### Dataset content

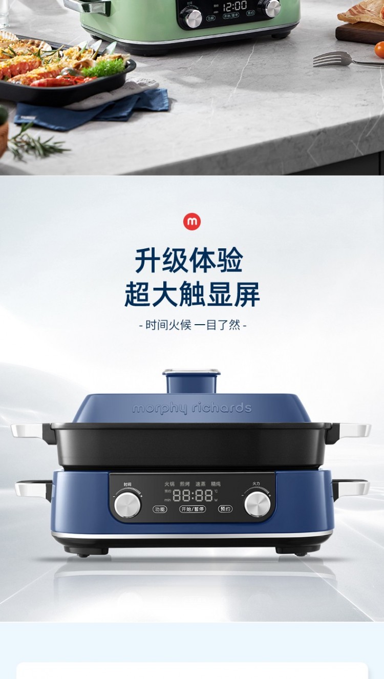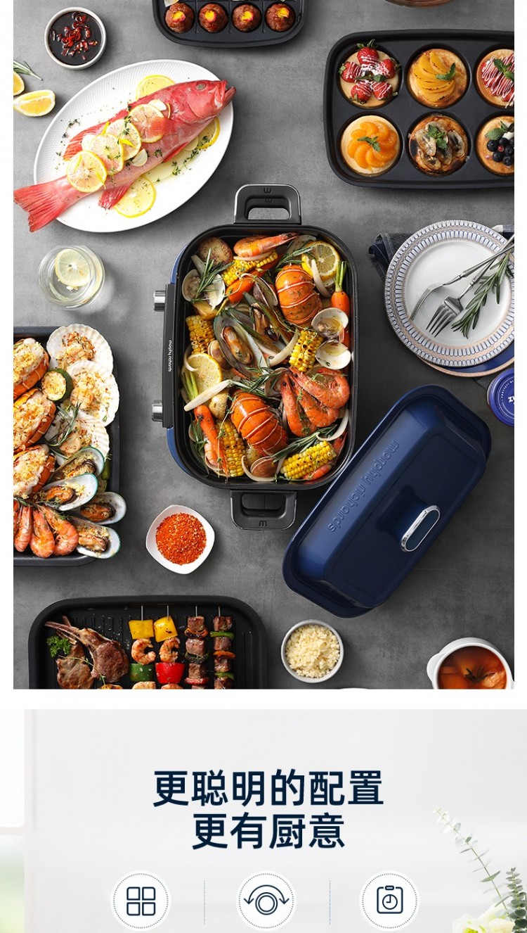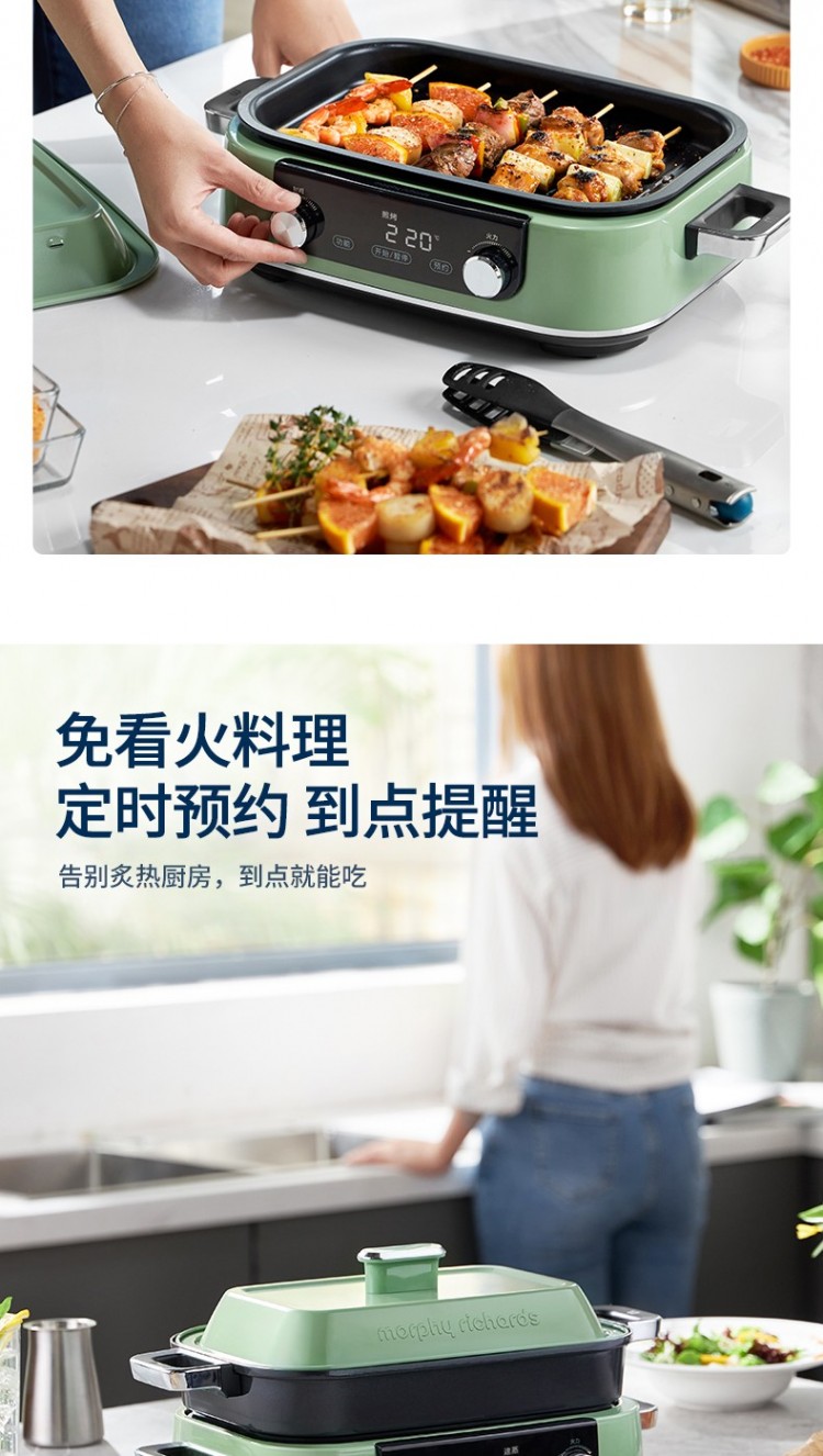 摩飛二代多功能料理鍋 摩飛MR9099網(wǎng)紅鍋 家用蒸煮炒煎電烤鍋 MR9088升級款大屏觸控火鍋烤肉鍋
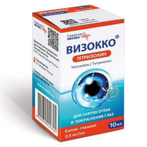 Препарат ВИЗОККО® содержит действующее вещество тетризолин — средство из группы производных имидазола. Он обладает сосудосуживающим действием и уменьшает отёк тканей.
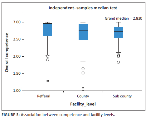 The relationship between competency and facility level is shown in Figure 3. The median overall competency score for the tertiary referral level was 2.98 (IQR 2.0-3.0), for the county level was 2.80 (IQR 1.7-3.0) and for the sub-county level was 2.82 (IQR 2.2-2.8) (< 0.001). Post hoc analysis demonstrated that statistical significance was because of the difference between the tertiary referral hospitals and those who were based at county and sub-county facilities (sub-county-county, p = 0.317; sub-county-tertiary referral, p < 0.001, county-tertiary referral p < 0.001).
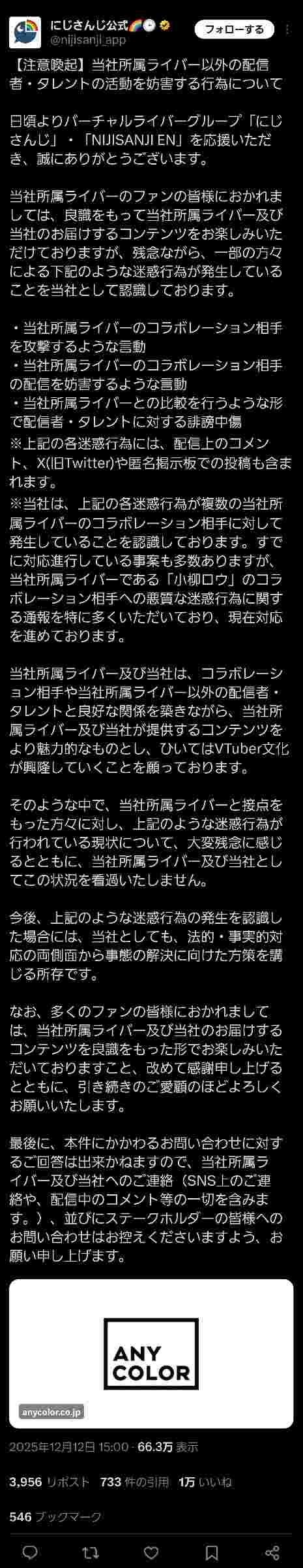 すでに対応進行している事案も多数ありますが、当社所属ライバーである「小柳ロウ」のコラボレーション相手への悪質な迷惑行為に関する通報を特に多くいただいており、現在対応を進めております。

### Task description
Please restate the material above line by line, exactly, beginning at its first line and ending with the line that contains "Препарат ВИЗОККО® содержит", without any pictures.

### Response to the exercise
 摩飛二代多功能料理鍋 摩飛MR9099網(wǎng)紅鍋 家用蒸煮炒煎電烤鍋 MR9088升級款大屏觸控火鍋烤肉鍋
 Препарат ВИЗОККО® содержит действующее вещество тетризолин — средство из группы производных имидазола. Он обладает сосудосуживающим действием и уменьшает отёк тканей.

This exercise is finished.